Among the documentary’s harshest critics is Viet Tan or the Vietnam Reform Party, a group that was also founded by the leader of the Front, Hoang Co Minh.
Duy Hoang, a spokesman for Viet Tan based in Washington, DC, said in a phone interview that the documentary had an “ill-founded narrative” that relied on interviews and “hearsay” from former members of the Front to tie the group to the journalists’ deaths.
“The report does not present a single piece of evidence, document, order, or corroborated fact to support this claim,” Hoang wrote in a letter to ProPublica and Frontline editors.
He also criticized the documentary for a lack of cultural, political and linguistic nuance, and said it portrays Vietnamese American activists as vengeful and stuck in the past.
“I felt like there was a mocking tone when they were talking about how it was surreal at these [South Vietnamese veterans’] events,” Hoang said. “I live near Arlington National Cemetery, and people who are Korean War vets, I don’t see people mocking them.”
Hoang also suggested that the FBI focused on the Front simply because of its size and prominence, making it an easy target.
In an email, Thompson defended his reporting and apologized to those who felt the reporting was culturally insensitive and noted that associate producers Tony Nguyen, a filmmaker, and Jimmy Tong Nguyen, a translator and veteran of the Army of the Republic of Vietnam, contributed heavily to the project.
Thompson encourages critics of the documentary to read the more detailed written piece on ProPublica’s website, which includes more information about the experiences of refugees, the reporting process and interviews that had to be cut from the documentary.
“Five different former Front members told us the group had a death squad. Some described, with first hand knowledge, particular attacks and killings. Unfortunately, these people didn’t go on camera, but it’s worth noting that it is very hard to get people to implicate themselves in homicides on national TV,” Thompson said.
And many of those off-camera moments were key.
“The moment we turned off the camera after our final interview with Mr.
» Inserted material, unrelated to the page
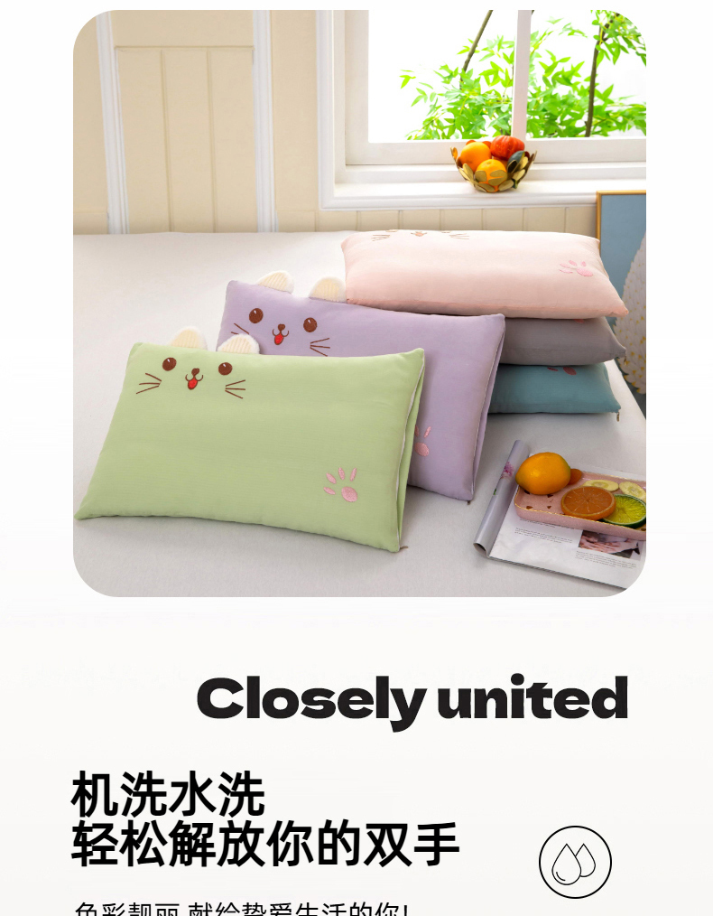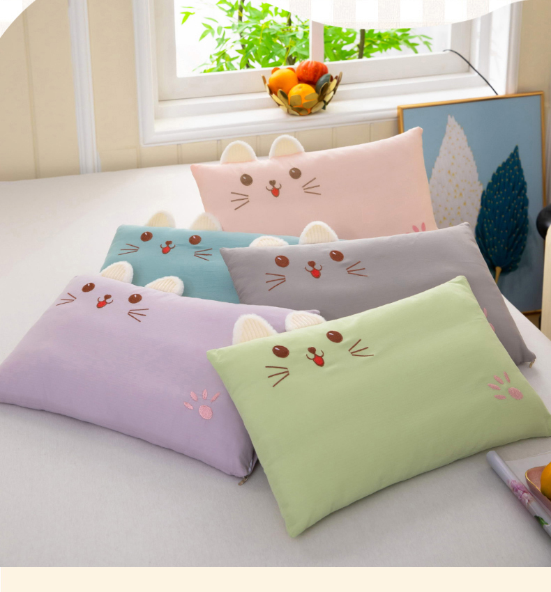 商品名称:(总)枕之坊 2025年新款水洗纯棉调皮猫水洗纯棉调皮猫羽丝枕 30*50

Nguyen Xuan Nghia, he told us that he’d been involved in a meeting in which Front members planned to assassinate Mr. Do Ngoc Yen, then editor of Nguoi Viet,” Thompson said. “I’d say the admission of a former top Front leader that the group planned to kill an editor is a new development.”
Thompson, says Viet Tan, which is run in part by former Front members and their children, has tried to recast the Front as a nonviolent political group, and rewrite history by stirring up opposition to the documentary.
He said they sought out interviews with Viet Tan and other former Front leaders, but were repeatedly turned down. The group issued a press release condemning the documentary before it aired.
“I stand by this reporting and film. And I need to say: I have heard a fair amount of criticism but I have yet to hear any of those critics evince the slightest bit of sympathy for the family of Nguyen Dam Phong and the others,” Thompson said. “That, I think, is profoundly sad.”